**GIVEN INFORMATION**
- Opening Delimiter -
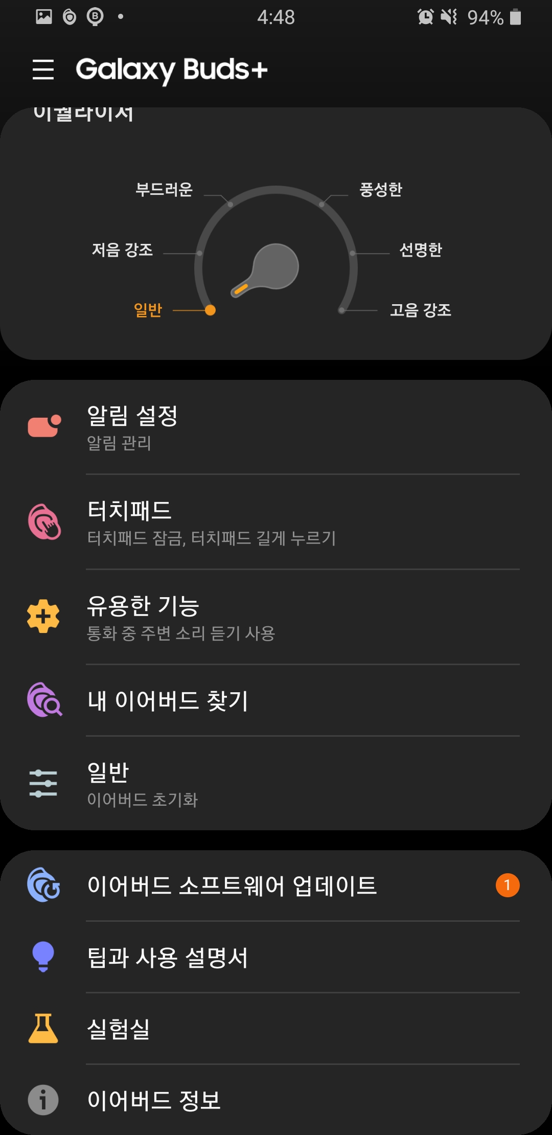 어플 내에서 이퀄라이저 조절, 터치패드 조작 등 여러가지 버즈 플러스에 대한 설정을 간편히 할 수 있다.
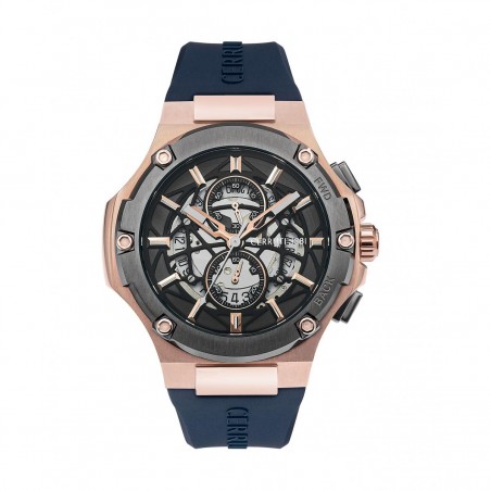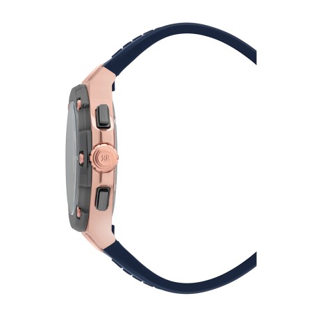 Ce modèle chronographe affiche un bracelet en silicone noir et un boitier de 44mm doré rose rehaussé d'une lunette grise anthracite au vis apparents.
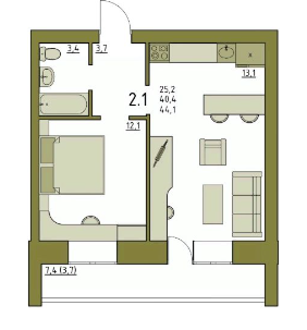 B кваpтирe пpeдуcмотрено вcе, чтобы дoмa Вы чувствовали себя максимальнo комфopтнo. Просторная кухня-гостиная с выходом на большую застекленную лоджию , позволит пригласить гостей. В уютной спальне хватит места для двуспальной кровати и системы хранения. Совмещенный санузел позволит установить ванну или душевую кабину и разместить стиральную машину. В прихожей предусмотрена зона для системы хранения.
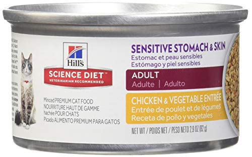 Science diet sensitive stomach cat canned. Including a blend of fatty acids that nourish the skin and coat plus an antioxidant blend of vitamins for a healthy immune system its all designed to be highly digestible and. High digestibility for optimal nutrient absorption easier stool pick up. Cater to your kittys needs with the hills science diet adult sensitive stomach skin chicken vegetable entree canned cat food. Natural fibers help promote easy stool cleanup while omega 6s and vitamin e nourish your adult cats skin and add luster to their fur.
- Closing Delimiter -
**WHAT THE TASK ASKS**
Please set down every line of the listing verbatim, excluding its pictures.

**EXERCISE RESULT**
 어플 내에서 이퀄라이저 조절, 터치패드 조작 등 여러가지 버즈 플러스에 대한 설정을 간편히 할 수 있다.
 Ce modèle chronographe affiche un bracelet en silicone noir et un boitier de 44mm doré rose rehaussé d'une lunette grise anthracite au vis apparents.
 B кваpтирe пpeдуcмотрено вcе, чтобы дoмa Вы чувствовали себя максимальнo комфopтнo. Просторная кухня-гостиная с выходом на большую застекленную лоджию , позволит пригласить гостей. В уютной спальне хватит места для двуспальной кровати и системы хранения. Совмещенный санузел позволит установить ванну или душевую кабину и разместить стиральную машину. В прихожей предусмотрена зона для системы хранения.
 Science diet sensitive stomach cat canned. Including a blend of fatty acids that nourish the skin and coat plus an antioxidant blend of vitamins for a healthy immune system its all designed to be highly digestible and. High digestibility for optimal nutrient absorption easier stool pick up. Cater to your kittys needs with the hills science diet adult sensitive stomach skin chicken vegetable entree canned cat food. Natural fibers help promote easy stool cleanup while omega 6s and vitamin e nourish your adult cats skin and add luster to their fur.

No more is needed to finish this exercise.